When the line containing "防臭 抗菌 白い給食着" is found in the data below, copy it and each line after it through the line containing "phiên chợ. |", exactly and with no others.

### DATA SUPPLIED ###

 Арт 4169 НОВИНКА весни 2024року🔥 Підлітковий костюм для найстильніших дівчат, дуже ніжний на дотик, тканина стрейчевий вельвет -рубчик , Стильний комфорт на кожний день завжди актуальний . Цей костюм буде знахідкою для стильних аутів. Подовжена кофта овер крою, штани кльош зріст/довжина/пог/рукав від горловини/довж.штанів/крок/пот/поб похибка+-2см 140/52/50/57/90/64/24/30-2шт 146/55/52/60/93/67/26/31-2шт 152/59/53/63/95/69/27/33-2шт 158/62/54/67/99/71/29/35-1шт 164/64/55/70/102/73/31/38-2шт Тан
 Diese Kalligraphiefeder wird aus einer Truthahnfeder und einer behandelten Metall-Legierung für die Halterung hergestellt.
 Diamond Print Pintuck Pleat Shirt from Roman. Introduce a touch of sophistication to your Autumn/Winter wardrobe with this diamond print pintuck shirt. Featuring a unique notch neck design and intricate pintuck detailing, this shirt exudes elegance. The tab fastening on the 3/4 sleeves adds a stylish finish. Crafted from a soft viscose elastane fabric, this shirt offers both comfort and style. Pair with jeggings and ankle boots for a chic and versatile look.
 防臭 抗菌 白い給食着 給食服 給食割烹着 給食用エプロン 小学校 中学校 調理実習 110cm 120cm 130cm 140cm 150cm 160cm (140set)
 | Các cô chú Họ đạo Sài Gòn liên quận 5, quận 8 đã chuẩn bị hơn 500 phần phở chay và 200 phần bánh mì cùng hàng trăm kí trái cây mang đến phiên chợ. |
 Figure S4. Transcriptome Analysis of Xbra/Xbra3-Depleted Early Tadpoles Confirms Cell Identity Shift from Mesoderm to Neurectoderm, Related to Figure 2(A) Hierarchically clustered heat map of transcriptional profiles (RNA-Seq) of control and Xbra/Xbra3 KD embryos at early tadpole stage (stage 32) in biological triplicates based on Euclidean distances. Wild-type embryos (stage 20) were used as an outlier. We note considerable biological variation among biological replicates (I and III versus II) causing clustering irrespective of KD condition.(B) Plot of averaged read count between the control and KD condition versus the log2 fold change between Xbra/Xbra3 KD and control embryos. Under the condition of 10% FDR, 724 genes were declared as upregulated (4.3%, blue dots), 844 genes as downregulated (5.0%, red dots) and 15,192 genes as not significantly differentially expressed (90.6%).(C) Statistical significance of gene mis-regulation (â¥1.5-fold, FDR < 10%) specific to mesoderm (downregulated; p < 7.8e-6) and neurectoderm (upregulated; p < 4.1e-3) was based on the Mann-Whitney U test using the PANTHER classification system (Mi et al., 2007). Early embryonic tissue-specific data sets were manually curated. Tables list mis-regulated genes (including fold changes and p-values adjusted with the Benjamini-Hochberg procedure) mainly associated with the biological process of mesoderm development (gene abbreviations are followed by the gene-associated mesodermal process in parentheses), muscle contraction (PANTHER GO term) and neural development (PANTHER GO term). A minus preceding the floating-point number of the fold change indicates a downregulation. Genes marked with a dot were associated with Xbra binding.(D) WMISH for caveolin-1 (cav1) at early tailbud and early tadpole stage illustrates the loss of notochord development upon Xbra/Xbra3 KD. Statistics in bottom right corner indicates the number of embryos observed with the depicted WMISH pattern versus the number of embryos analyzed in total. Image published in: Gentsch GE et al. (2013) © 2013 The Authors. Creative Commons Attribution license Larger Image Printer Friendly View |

###

**TASK SOLUTION:**
 防臭 抗菌 白い給食着 給食服 給食割烹着 給食用エプロン 小学校 中学校 調理実習 110cm 120cm 130cm 140cm 150cm 160cm (140set)
 | Các cô chú Họ đạo Sài Gòn liên quận 5, quận 8 đã chuẩn bị hơn 500 phần phở chay và 200 phần bánh mì cùng hàng trăm kí trái cây mang đến phiên chợ. |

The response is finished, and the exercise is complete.